# Avoid Numerical Issues When Fitting Custom Distributions

This example shows how to use advanced techniques with the `mle`

function to avoid numerical issues when fitting a custom distribution. Specifically, you learn how to:

Specify adequate initial parameter values.

Specify

`logpdf`

(logarithm of probability density function) and`logsf`

(logarithm of survival function).Specify

`nloglf`

(negative loglikelihood function) and supply the gradient vector of the negative loglikelihood to the optimization function`fmincon`

(requires Optimization Toolbox™).

In this example, you fit an extreme value distribution to right-censored data. An extreme value distribution is often used to model failure times of mechanical parts. These types of experiments typically run for a fixed length of time only. If not all of the experimental units fail within that time, then the data values are right-censored, meaning some failure time values are not known exactly, but are known to be larger than a certain value.

Both the `evfit`

function and `mle`

function fit an extreme value distribution to data, including data with censoring. However, for the purposes of this example, use `mle`

and custom distributions to fit a model to censored data, using the extreme value distribution.

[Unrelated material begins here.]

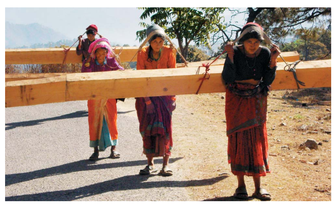
With the men of many families migrating to India for seasonal work and declining farm production, women are increasingly taking on more hard labour to generate extra money to feed their families, Gaira VDC, Doti District

Vulnerability is compounded by geographic isolation with many districts (in the Hill and Mountain regions) poorly served by roads and other infrastructure, and often isolated by landslides and floods. Access to government services and markets as well as information and technical support is limited. Furthermore, vulnerability is compounded by widespread systematic discrimination by gender, ethnicity and caste throughout Nepal. The poorest development regions also correlate with a proportionately higher population of Dalits (the so-called 'untouchable' caste) and ethnic minorities. Within these groups women are further marginalised. Women, Dalits and ethnic minorities

### Specify Adequate Initial Parameter Values

Because the values for the censored data are not known exactly, maximum likelihood estimation requires more information. In particular, the probability density function (pdf), the cumulative distribution function (cdf), and adequate initial parameter values are necessary to compute the loglikelihood. You can use the `evpdf`

and `evcdf`

functions to specify the pdf and cdf.

First, generate some uncensored extreme value data.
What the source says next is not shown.